# My espresso boiler temperature controller project

1. Nov 16, 2011

So, I've been thinking about this for years as I've began studying Mechanical Engineering, but I never felt like I had the time or expertise to undertake the project: to make my own temperature controller at the heart of a fully functional and high quality espresso machine. It wasn't until this semester, when I began taking Thermofluids II and Sensors & Controls, that I felt that this was a manageable idea. Learning about how to work with conduction, convection, and control systems seem to be the final pieces of the puzzle. I hope to use this thread to document what I've done so far and to ask for help with what remains.
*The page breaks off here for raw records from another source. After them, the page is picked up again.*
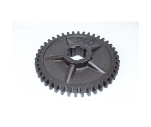 Шестерня А25.37.260 ведущая дополнительных передач Z=42 коробки перемены передач КПП колесного трактора Т-25,Т-25А. Шестерня А25.37.260 расположена на шлицах в передней части вала дополнительных передач 25.37.210 и находиться в постоянном зацеплении с ведущей шестерней дополнительных пониженных передач А25.37.259. От осевых перемещений она зафиксирована упорным кольцом и стопорным пружинным кольцом. Изготовлена из высокопрочной стали способной переносить большие механические нагрузки в процессе работы коробки на тракторе. Применяется на всех серийных моделях тракторов выпускаемых заводом изготовителем ОАО "Владимирский моторо-тракторный завод" ВМТЗ.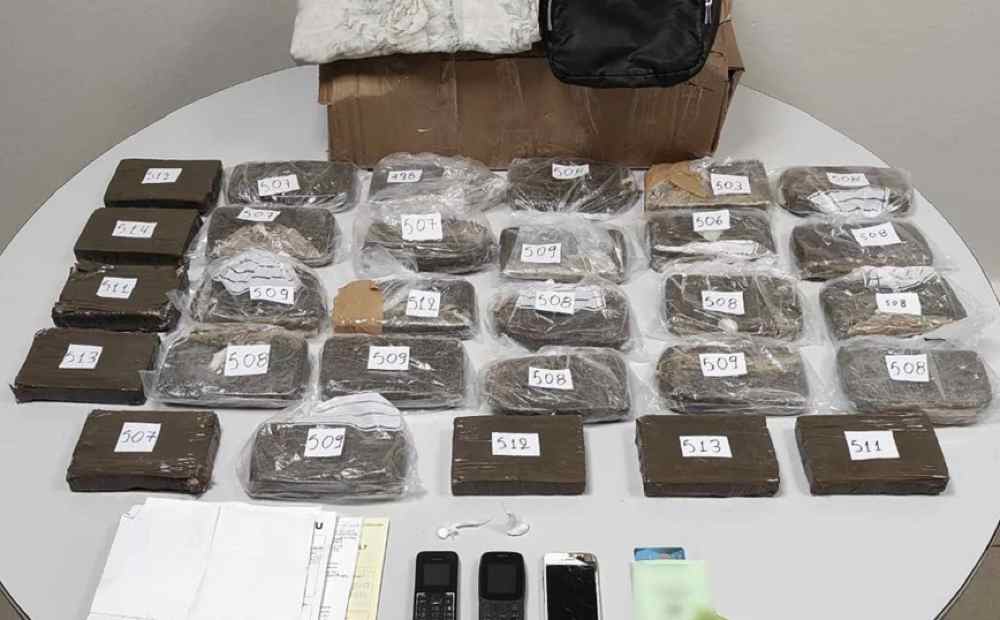 Σημειώνεται ότι κατά την καταδίωξη έριξε από το παράθυρο του οχήματός της ένα τσαντάκι ώμου και 1 υφασμάτινη μαξιλαροθήκη που περιείχαν 25 δέματα ηρωίνης, συνολικού βάρους 14 κιλών και 750 γραμμαρίων, τα οποία είχε παραλάβει νωρίτερα ως δέμα από μεταφορική εταιρεία στην περιοχή του Καλοχωρίου.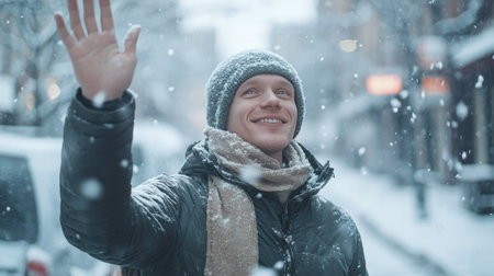 A man in a jacket and scarf waving goodbye in the winter, surrounded by snow and cold weather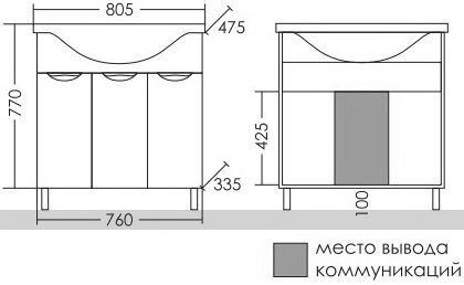 Тумба под раковину СанТа Родос (Классик) 80 напольная 3 дверцы (206023)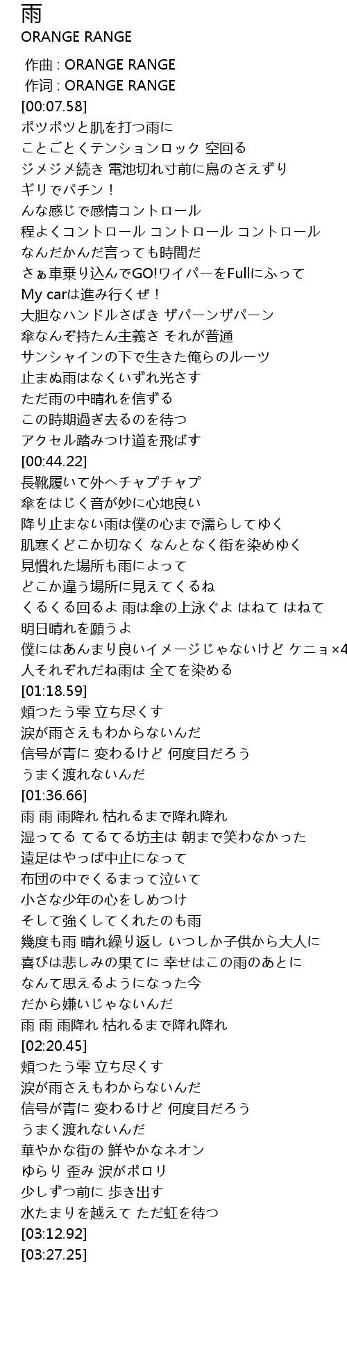| [00:01.00] | 作词 : ORANGE RANGE |
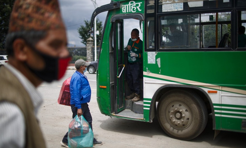 A passenger is to get on a bus in Kathmandu, Nepal, July 16, 2020. (Photo by Sulav Shrestha/Xinhua)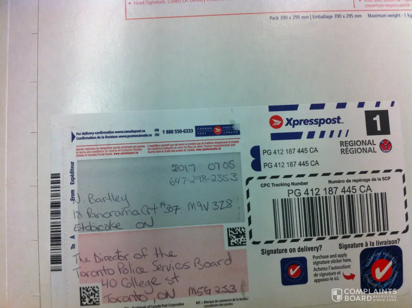 I was told mail was sent to me at two different address I sent documents by Canada post and paid for a signature and parcel went missing to peel police board [protected], [protected], [protected] recently I had to ask my phone company to resend my bill as I have not Recive the last two and no explanation of why a 911 call on April 11, 2016 was not on my bill now I send the last packets sent by Canada post paid for signature on five packets two of the packets was not signed for .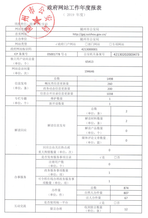 隨州市公安局政府網(wǎng)站工作年度報(bào)表

Note: this is a work in progress and I have not even come close to completing it

1) Background
I purchased a GE espresso machine, model 169108. After running it as is for a few weeks, it made passable espresso, but the brew temperature and shot times varied widely, leading to inconsistent taste. After reading about performance modifications to much more expensive machines, it became apparent that the most effective one was put the heating coil power and thus the water temperature in the hands of a well-tuned PID controller. Instead of relying on thermostats to switch the heating coils on and off at intervals to keep the water within manageable limits, the PID controller promises negative feedback logic to 'intelligently' determine how much power to give the coils, keeping the water temperature at a consistent, precise value.

2) The Setup
The only components that remain from the original machine are the 900W stainless still (I think) boiler and a 41W vibration pump. To construct a simple test rig to tune my PID controller, the boiler and pump were mounted on wooden stands outside of the original case. A 10A solid-state relay is switched on and off by an Arduino microcontroller to control current to the boiler (the coil resistance is about 16.7Ω, which at 120V should draw around 7.5A at its rated 900W maximum power). Power to the water pump is controlled by a simple manual switch to initially fill the boiler with water and later to pump the heated water out of the boiler and out of the espresso machine. Later this will be controlled by the Arduino as well.

3) Building a model

I wanted to take what I’d learned in Thermofluids II to build a theoretical model of the boiler including convection of the heating coil power through the water and onto the boiler inside wall, conduction through the wall, and convection of the heat away from the outer wall by ambient air. My immediate thought was to employ a lumped capacitance model to simplify things, which seems to require an assumption of uniform temperature distribution. The Biot number of a surface, to my understanding, represents the ratio of energy transfer by convection to that by conduction. If the Biot number is much less than one, much more heat is conducted into the material than is lost through convection so that the surface behaves as a fully charged capacitor, and thus can be assumed to have a fully uniform temperature distribution. The Biot numbers were calculated as follows:

$Bi=\frac{hL_C}{k_b}$
The inner and outer Biot numbers were calculated to be 0.176 and 0.779, respectively; I don’t think they qualify as “much less than” one. Does this mean I cannot expect reasonable accuracy using a model based on lumped capacitance? Where might I head from here?

2. Nov 16, 2011

### edgepflow

Yeah, the textbooks usually say that Bi < 0.1.

I ofter use a 1D model for a short cylinder I developed for these kind of problems. When I compare, I can see the lumped capacity quickly losing accuracy near the Bi < 0.1 limit.

The 1D model of a short cylinder is not too bad to set up. See P. 242-247 of Incropera & DeWitt, "Fundementals of Heat and Mass Transfer," 4th Edition or your (much newer) Thermofluid text may have this.